We might even view memory as a process rather than as a thing, making ‘memory’ more a verb than a noun. An LLM doesn’t recall a famous work of art—it constructs a new representation based on how the prompt interacts with the patterns encoded in its trillions of weights, patterns that are shadows of the many representations of and conversations about the work of art which used to train the LLM. This means that LLM memory is fallible—much like human memory—that LLMs are prone to false memories and other types of confabulation when predicting without a suitable external reference as memories (facts) are fabricated as needed.

Much of the excitement (and fear) around LLMs is due to confusing language prediction with reasoning and rationality—we approach LLMs as synthetic humans rather than powerful language manipulation tools.

We can, for example, have a natural conversation with a LLM-powered chatbot. (Unlike conventional state-machine-based chatbots, which are restricted to awkward and obviously artificial conversations.) The human might even convince themselves that the LMM chatbot is conscious, self-aware. However, we cannot ignore how the chatbot is a passive and aimless conversationalist, following the human through the twists and turns of the human’s interests rather than seeking its own goals. It only provides opinions when asked, for example, not when it desires to. The chatbot is reacting to the human, predicting the most likely response, not guiding, nudging to even driving the conversation where the chatbot (or its makers) want the conversation to go. It lacks agency—no more than a mirror held up to the human conversationalist. Efforts to make LLM-powered chatbots goal-seeking via prompt engineering (which boils down to telling the chatbot that it should be goal seeking) haven’t worked. Nor does integrating external knowledge sources (via RAG or knowledge graphs) solve this problem (though it does help ground language prediction, and so reduce false memories and confabulations). Language is an important part of intelligence, but we must be careful that we don’t confuse language (and language prediction) with agency and consciousness.

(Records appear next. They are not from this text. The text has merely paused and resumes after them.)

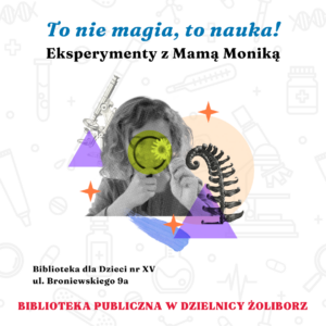 Warsztaty dla dzieci „To nie magia – to nauka! Eksperymenty z Mamą Moniką”. Biblioteka przy Broniewskiego 9a, 24.02, g. 17:30. ZAPISY!
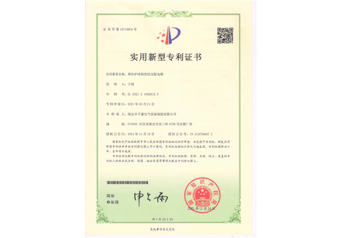实用新型专利证书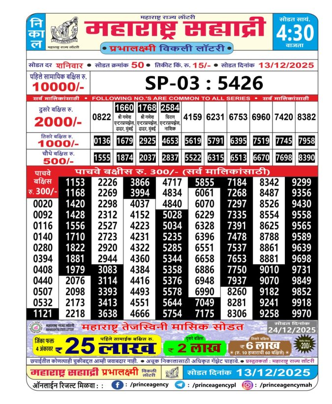 Maharashtra Sahyadri Lottery Result Today 4.30PM [13-12-2025]

On the other hand, if we treat LLMs as language manipulation tools then they can be part of all manner of powerful solutions. It shouldn’t have been surprising that an LLM could play chess—after all, there’s a long history of chess analysis & notation and a vibrant online chess community, all of which is likely within LLM training sets. Nor should it be surprising if an LLM is shown to juggle—there’s a vibrant online juggling community and juggling notation to support training an LLM, and the LLM should be capable of manipulating juggling notation and translating it into the G-code used to drive a robot juggler.

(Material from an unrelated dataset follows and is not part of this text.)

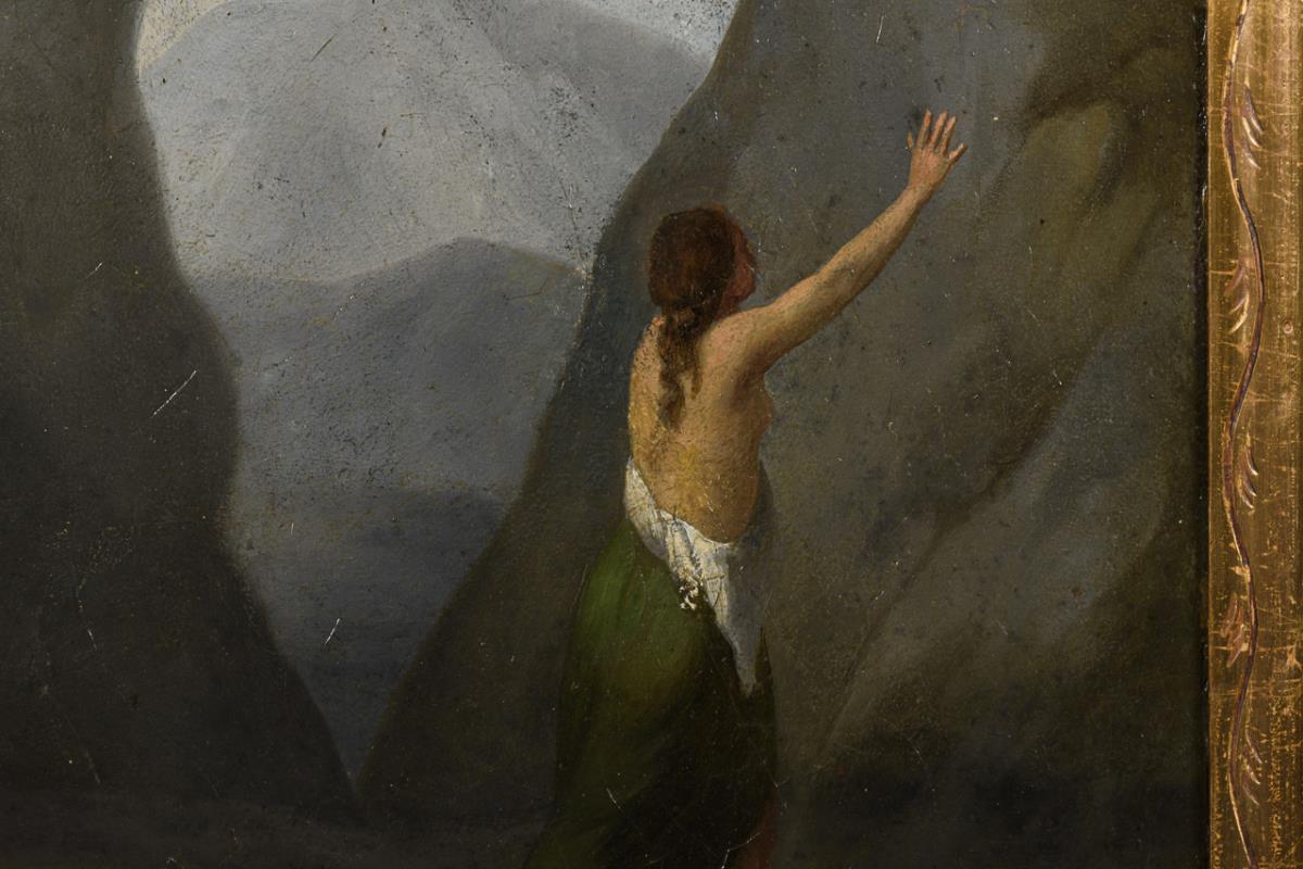 Klassizistische Darstellung des Szene aus Ovids Metamorphosen mit dem am Wasser knienden halbnackten Jüngling, der sich in sein eigenes Spiegelbild verliebt. Über ihm Amor, der ihn mit einem Pfeil beschießt, weiter hinten die von Narziss zuvor verschmähte Echo. Leinwand doubliert.

Many of the LLM-power solutions we’ll use in mid- to long-term are yet to be imagined—we’ve only scratched the surface of what might be possible. The LLM, however, is likely only one part of these solutions. A chess-playing LLM needs to be grounded by connecting it to the rules of chess—via inclusion in its prompt, or by verifying any moves it suggests—to prevent illegal and naïve moves. Something needs to prevent our juggling LLM from specifying impossible, or even just simply dangerous, moves. If we use an LLM to predict how two physical components could be integrated (via predicting the unified 3D CAD description), then the result needs to be validated before it is used. An LLM is also likely to be an important component in future chatbots, but it will need to be complimented by other components that enable the chatbot to be goal-directed. And so on. LLMs are clearly powerful tools that can be applied to all manner of problems we’ve yet to imagine. They might even usher in a Fifth Industrial Revolution, though only time will tell if that’s the case. However, the AGI that many hope for will continue to be harder than we think.